The Tintin Rocket: A worldwide exclusive in Angoulême
On Monday, February 19, 2001, Jacques Bobe, President of Magelis and Nick Rodwell, Deputy Administrator at Moulinsart S.A. signed an agreement governing the contractual terms for the construction and operation of the Tintin Rocket in Angoulême. A worldwide exclusivity, the rocket, 50m high, standing next to its assembly tower, will be erected in Angoulême on a site called “Les Trois Chênes”, in the center of “Village Magelis”. “This is a real challenge which will thrill all Tintinophiles and Tintinologues of the world”, said Nick Rodwell about the project. The scenario, created by the JFTL consulting firm, exploits and faithfully reproduces the themes, iconography, décors, ambiance and characters created by Hergé in both Destination Moon (1953) and Explorers on the Moon (1954) albums which, 15 years before Apollo XI astronauts, allowed Tintin and his companions to set foot on the moon.Although the rocket is the focal point of the project, this is in the assembling tower that the preparation and the journey to the moon will take place.The tower, with its 10 levels (46m high) and 2060m2, provides the initiation path transporting the visitors from the real world to a world of imagination by way of a chronological progression. Through the recounting of the space adventure, the creation of Hergé’s albums as well as the reproduction of a rocket’s environment, this path will lead all the way to a flight to the moon, simulated in a dynamic theater. The platform supporting the rocket and its tower are linked to a base inspired by the buildings found in the albums.Beyond the economic development promoting the establishment of imaging companies as well as the creation of a breeding ground for high-level professionals, Magelis has the ambition to create a space for the public dedicated to educational and interactive discovery: “The rocket represents the foundation of a larger course devoted to themes from comics, animated cartoons, cinema and, in general, imaging technologies. It’s a major tourist attraction, capable of channeling tens of thousands of visitor in our Charente region” said Jacques Bobe.A symbol of art and technology as well as an encounter between comics and scientific imagination, the rocket should be ideally inaugurated in 2004.Alexandra Tholance Conseil o 06 80 25 52 39
Tintin Rocket: the scenario-
The project conceived by the consulting firm JFTL is composed of three parts:-
The launching pad, that is the base supporting the rocket and its assembly tower. The tower, linked to a dynamic movie theater contains the scenographic course and provides access to the rocket through foot bridges,-
The Base and its 3 pavilions,
- The Reception area with restaurants and boutiques.

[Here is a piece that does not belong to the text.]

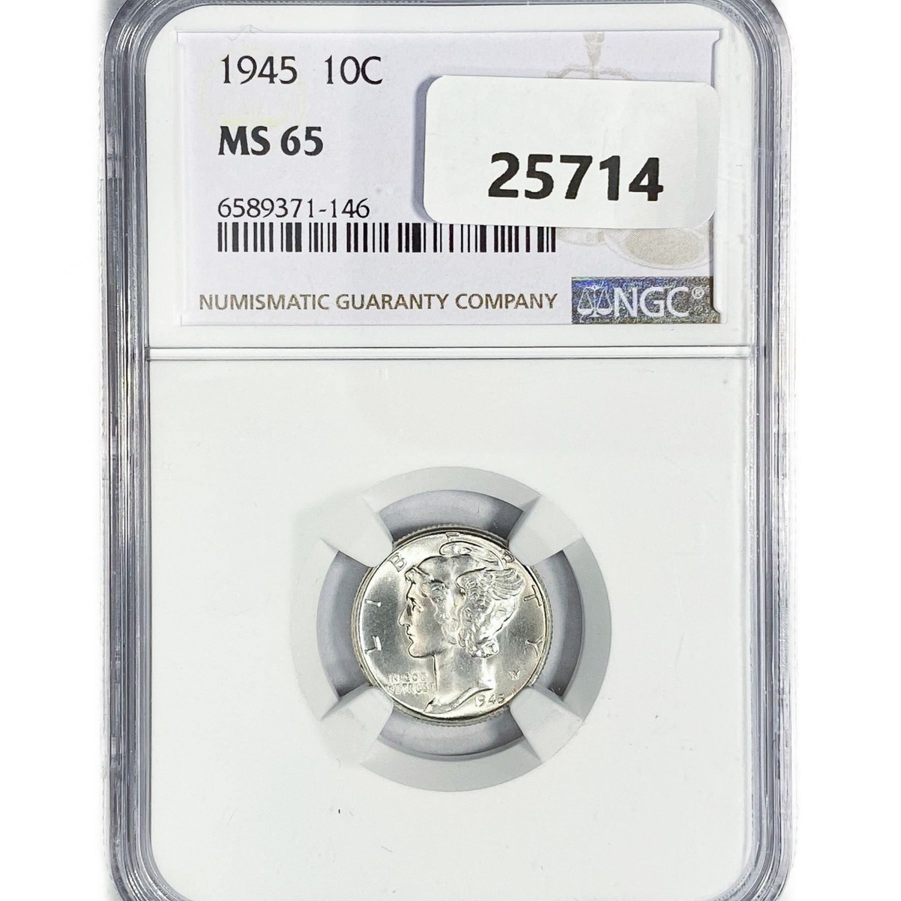 1945 Mercury Silver Dime NGC MS65

The launching pad: the Rocket and its Tower Both Destination Moon and Explorers on the Moon provide the unique theme to this area.The launching pad supports both the rocket and the tower over a 8250m2 area. As a reminder of the albums, it will be made of a sand color cement and its design will remain simple: the jeep, crates..
The Tintin Rocket, founding elementof The Espace Découverte
Subject to 3 studies performed in parallel, the construction project takes into account an area including the ESI (Ecole Supérieure de l’Image) and the CNBDI (Centre National de la Bande Dessiné et de l’Image) as well as constraints inherent to the potential flooding of the site. Stringent specifications were imposed in regard to the construction of the facilities (zoning, professional real estate, parking space …) as well as the communications between the area and the city center. Due to constraints imposed by the zoning administration as well as the risks of flooding, the original plan had to be modified. As a result, the Espace Découverte had to be relocated and a new “bipolar” concept was proposed, both sites being linked by boat.

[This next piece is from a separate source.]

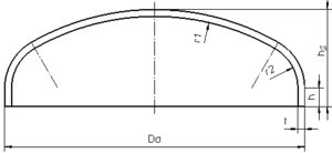 This is a torispherical head. The dish has a radius that equals the diameter of the cylinder it is attached to ([math]\displaystyle{ r_1=Do }[/math]). The knuckle has a radius that equals a tenth of the diameter of the cylinder ([math]\displaystyle{ r_2=0.1\times Do }[/math]), hence its alternative designation "decimal head".
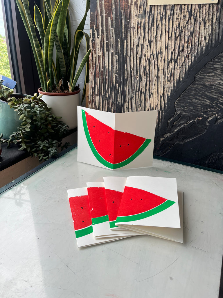 Hand printed on white card with envelope

On one side, at the heart of the project, we find the “Cité Magelis” with the CNBDI (Centre National de la Bande Dessinée et de l’Image), training centers, animation studios and the Magelis headquarters. This area will attract urbanites as well as imaging technologies enthusiasts. It will also benefit from the renovation of the Musée de la Bande Dessinée (Comics Museum) and the creation of the Bibliothèque de l’Image (Image Library) as well as the Centre d’Interpetation des nouvelles images (Center for the Interpretation of new imaging), both located on each side of the CNBDI. On the right bank of the Charente river, collections of cinematographic material will be exhibited within wine storehouses.
Two kilometers away, in the “Village Magelis” located on the river bank, one will find the Tintin Rocket center, the house of animation and several pavilions dedicated to virtual technologies involving the world of comics, animation and video gaming. Devoted to the public, these installations will give the priority to gaming activities. The Centre des Expositions et des Congrès (Exhibitions Center) will also be located in this area.
The Sources of “Destination Moon”
"By the sheer power of believing, human beings turn their dreams into reality”, Hergé.
Tintin is the hero of over twenty adventures among which “Explorers on the Moon”, the most famous, sold more than five million copies. Yet, all his life, the ‘father’ of Tintin will remain discreet and modest. The public knew very little about him. Georges Rémi was hiding behind Hergé who, in turn, was hiding behind Tintin.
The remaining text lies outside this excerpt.